FIN.

FCA speaks on digital assets

Therese Chambers has spoken on the financial crime risks presented by stablecoins and other digital assets. She spoke of:

  • early attempts to launch non-state backed digital currency, and Bitcoin’s predecessors – which envisaged private currencies created and controlled by financial institutions. She moved onto how Bitcoin, with its concept of a digital value transfer with no identifiable intermediary, represented a change from traditional financial services, and prided itself on not needing a “trusted third party”. This gives rise to the key problems from a financial crime perspective of:
    • lack of intermediaries to carry out due diligence and monitoring;
    • operation outside of “permissioned” networks – so there is no central entity (like Swift) to carry out vetting before allowing use of the network; and
    • regulatory arbitrage: since most cryptoassets are permissionless digital networks, they are global by default and so can move effortlessly across jurisdictions and take advantage of any regulatory weak spots.
  • similarities with traditional financial crime financial regulation: many investors see cryptoassets as alternative investments, and much trading takes place on exchanges similar to the fx markets. As a result, some of the logic that underpins financial crime prevention – that of an exchange knowing who is using it – holds fast;
  • how to enable innovation while tracking down on financial crime: FCA does not see these as mutually exclusive, as it sees successful innovation as needing to tackle illicit use, and that no innovation whose only use is money laundering can be adapted as a mainstream product;
  • working within the Sandbox: in the first few Sandbox cohorts, many firms would use Bitcoin and Ethereum as an intermediate currency for money remittance.
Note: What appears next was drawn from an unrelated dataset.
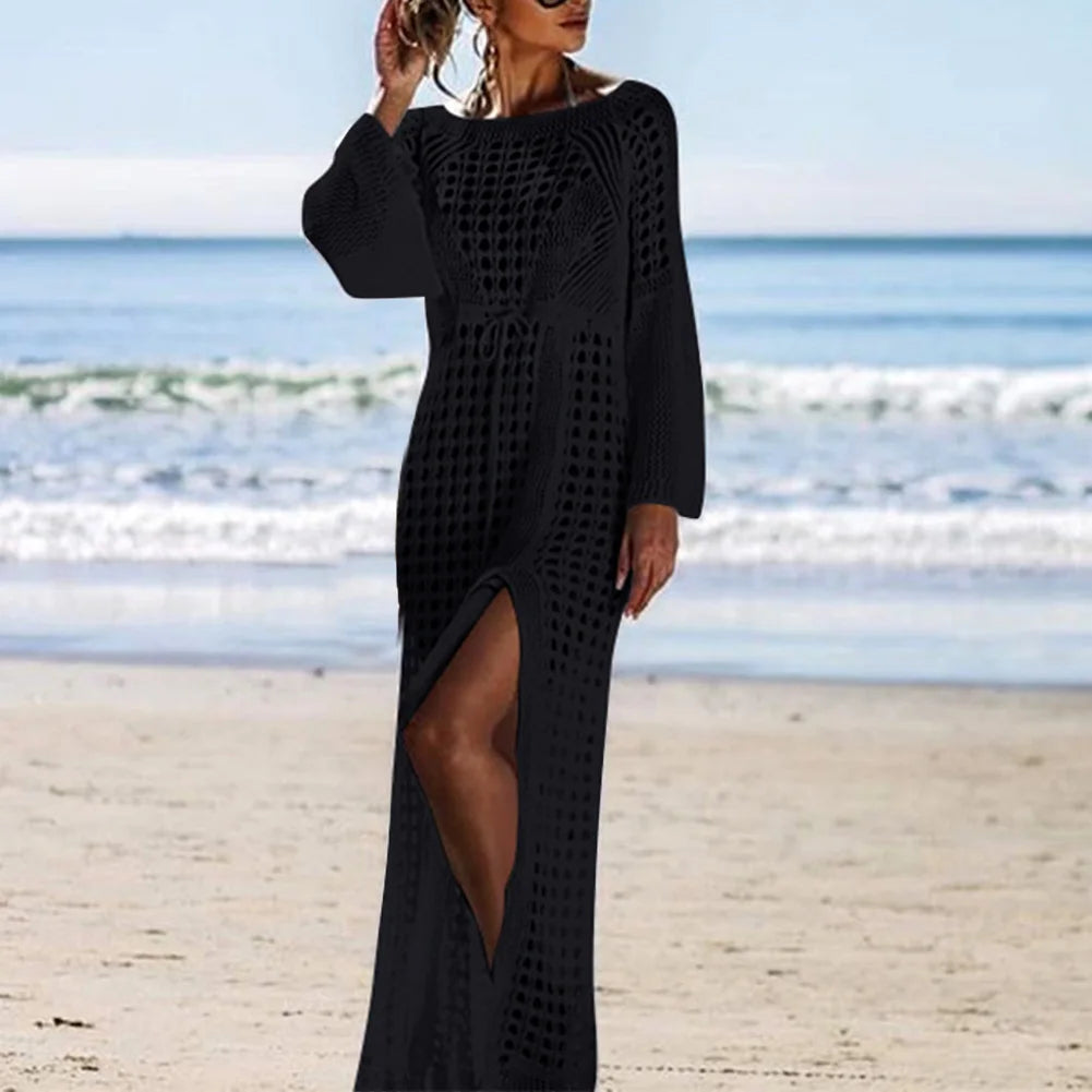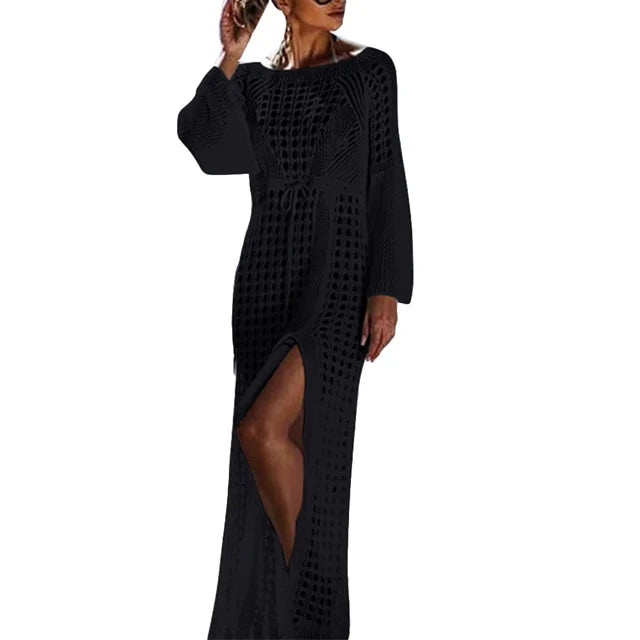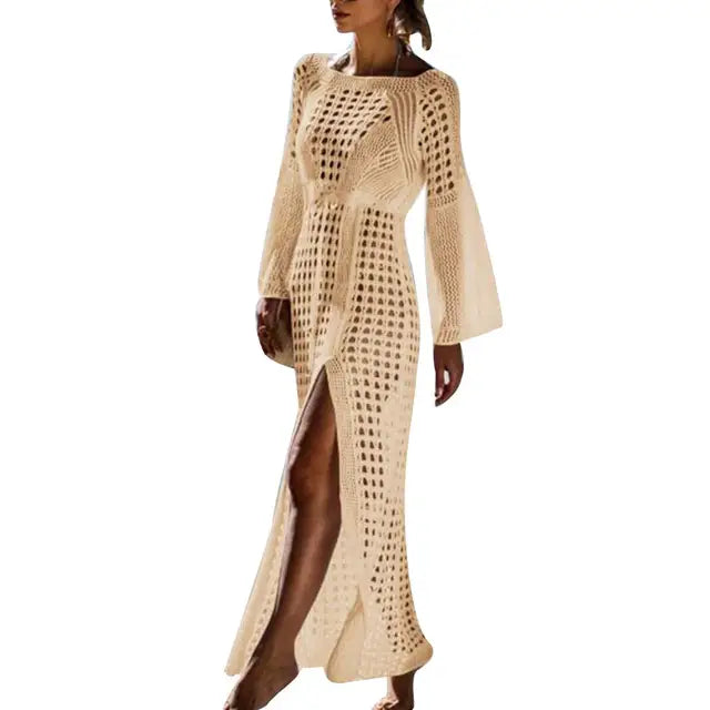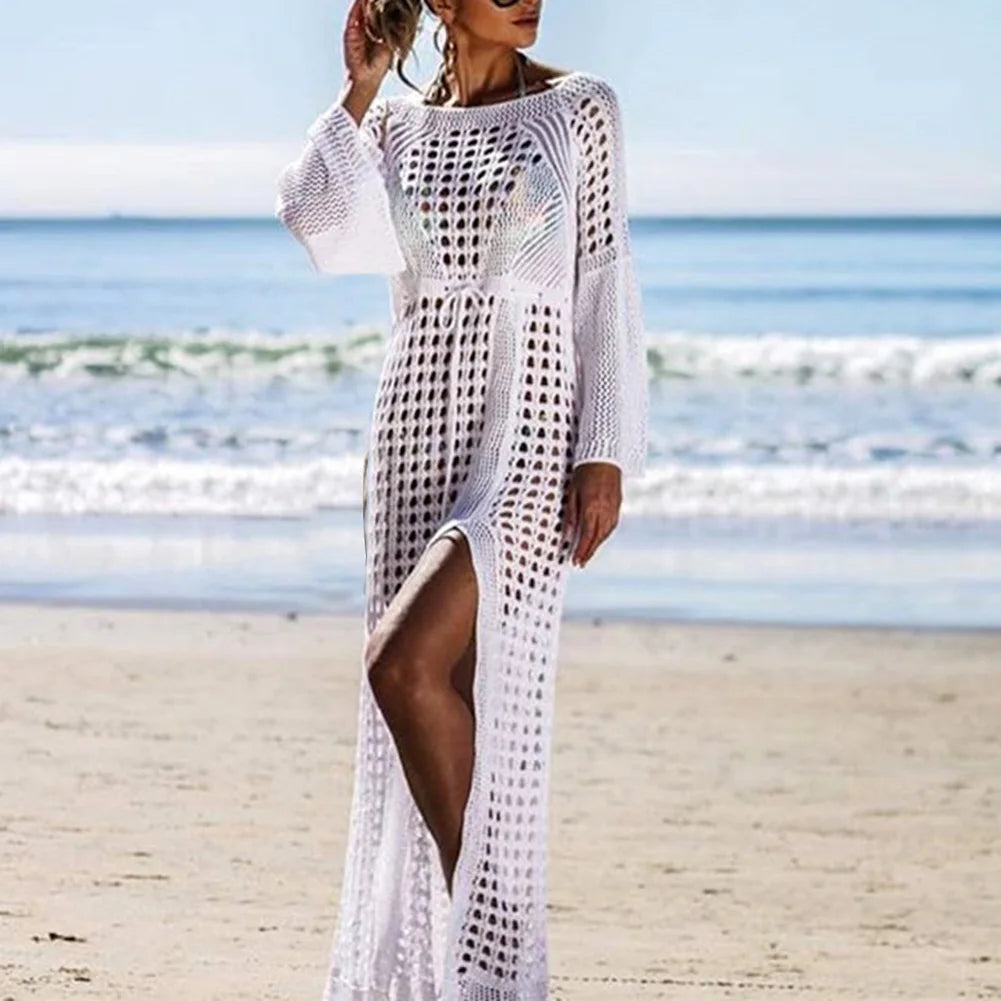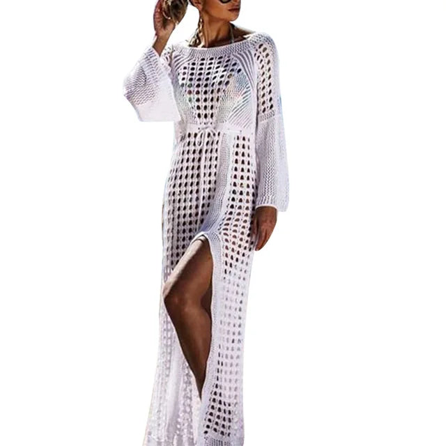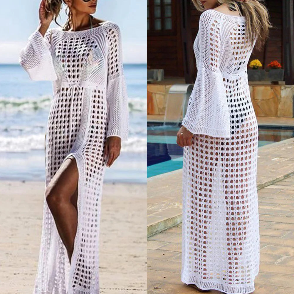 2019 Fashion Summer Women Crochet Sexy Hollow Knitted Long Sleeve High Split Bikini Cover Up Beachwear Party Maxi Dress Vestidos

But the cryptoassets network began to struggle and firms instead started looking at using the technology for securities issuance using cryptoasset networks and “smart contract” funcionality;
  • cryptoassets and MLD5: FCA’s regime covers specific activities and FCA will be looking to understand that firms applying for registration have good systems and controls in place to meet their requirements – and it intends to use its newly granted unique powers to police these firms;
  • how FCA differs from US regulators: mainly, it starts off with a statutory definition of a “security”, whereas the US uses a case law basis which is potentially more flexible; and
  • challenges FCA is facing: in particular, that this market is new to regulation, and its very nature means the AML requirements are likely to meet with resistance. FCA hopes global guidance and action will help.